Grabbing her phone she dialed Carmen’s number and held her breath while she waited for her to pick up.
“Ye Olde Tea Shoppe,” Carmen said as she picked up.
“Carmen, I’m at the school and …and Seth’s back, he’s—he’s got the girls, my car’s clamped. I don’t know where they are, I don’t know anything, or what to do …”
“Stay there,” Carmen said. “I’ll be with you in five.”
• • •
True to her word, Carmen walked out of the tea shop leaving a regular customer in charge and was at Sophie’s side in minutes.
“Right, let’s think,” Carmen said as Sophie scrambled into her car. “Now, we know he’s not a nut or a pervert. He’s not going to hurt them. He’s just a messed-up kid who’s done something stupid.”
“Do we know that?” Sophie asked Carmen, her heart gripped with icy fear as the car pulled away from the roadside. “Do we know he’s not going to hurt them? Because if anything happened to them because of me, I’d never …how would I? I couldn’t …”
“Shush,” Carmen told her. “The police are already looking, they were already asking around when I left the tea shop. I’ve told all my customers to keep an eye out. He won’t take them out of St. Ives, I’m sure of it. Bella wouldn’t let him; she’s done stranger danger, she knows what to do.”
“But he’s not a stranger, he’s her brother and she’ll be trying to find out about him, get to know everything—you know what she’s like.”
“No, I’m sure he’ll have taken them somewhere they know. What about the park? Let’s try the park.”
Sophie hadn’t known that the passing of time could be so agonizing. As Carmen drove her to the park, each second that passed without her being certain of the exact whereabouts of her girls dragged over her, rasping every inch of her skin as she battled with the fear of the unknown, and every moment passed too quickly, too much time slipping by between the last time she had known they were safe and now, as if they were gradually falling out of her reach.

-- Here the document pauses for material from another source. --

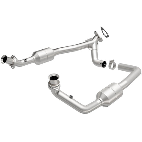 Keep the check engine light off with MagnaFlow HM Grade Federal/EPA Compliant Direct-Fit Catalytic Converter 24307. With features including free-flowing mandrel-bent tubing and highly corrosion resistant stainless steel construction, easily install this spun body converter yourself using the proper tools, no cutting or welding required. MagnaFlow's state-of-the-art metrology department uses the latest 3D scanning systems during research and development, so you can be confident that your new part will fit and function like the original equipment. By replicating the OE spun body design, the single laser fusion weld greatly reduces the possibility of a leak, and our compact, low-mass design also allows for greater thermal efficiency. Designed to fit the 2000-2003 Ford E-350 Super Duty, 2000-2002 Ford E-250 Econoline, and more, this direct-fit catalytic converter also interchanges with OE parts 1C2Z-5F250-BA and YC2Z-5F250-AA, among others. The included gaskets & hardware reduce the possibility of a leaking seal while avoiding the need to reuse corroded factory parts for installation. This replacement part is designed to meet or exceed Federal emissions requirements set forth by the EPA, complying with legal standards for OBDII Federally registered vehicles with Federal/EPA Emission systems.
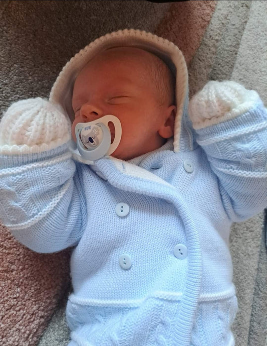 Baby Boys Blue Knitted Hooded Pram Coat

The park was empty except for some bored teenagers leaning against the swings and spinning slowly around on the merry-go-round
as if they were gang members in L.A. and not a bunch of kids in Cornwall.
“Excuse me,” Sophie said, marching over to them, aware that the tone and pitch of her voice would instantly alienate them, high and angry as it was. “Have you seen a man, tall and dark, with longish hair, and two little girls in here this afternoon?”
“Why?” one of the boys asked her as he kicked one more revolution out of the merry-go-round. “He a pervert or something?”
“No …no, they’re my …I’m looking after them and I need to find them, please,” Sophie pleaded. “If you’ve seen them …”
“Pigs have already been round here asking,” another kid spoke up, from the top of the climbing frame. “We’ve been here since four and we’ve not seen them.”
“Really?”
“What, you saying I’m lying?” the boy challenged her.
“Sophie, come on,” Carmen called from across the park.
“Yeah, Sophie, go on,” one of the boys said.
“Hey, Sophie, got any smokes?” another one called as Sophie hurried back to Carmen.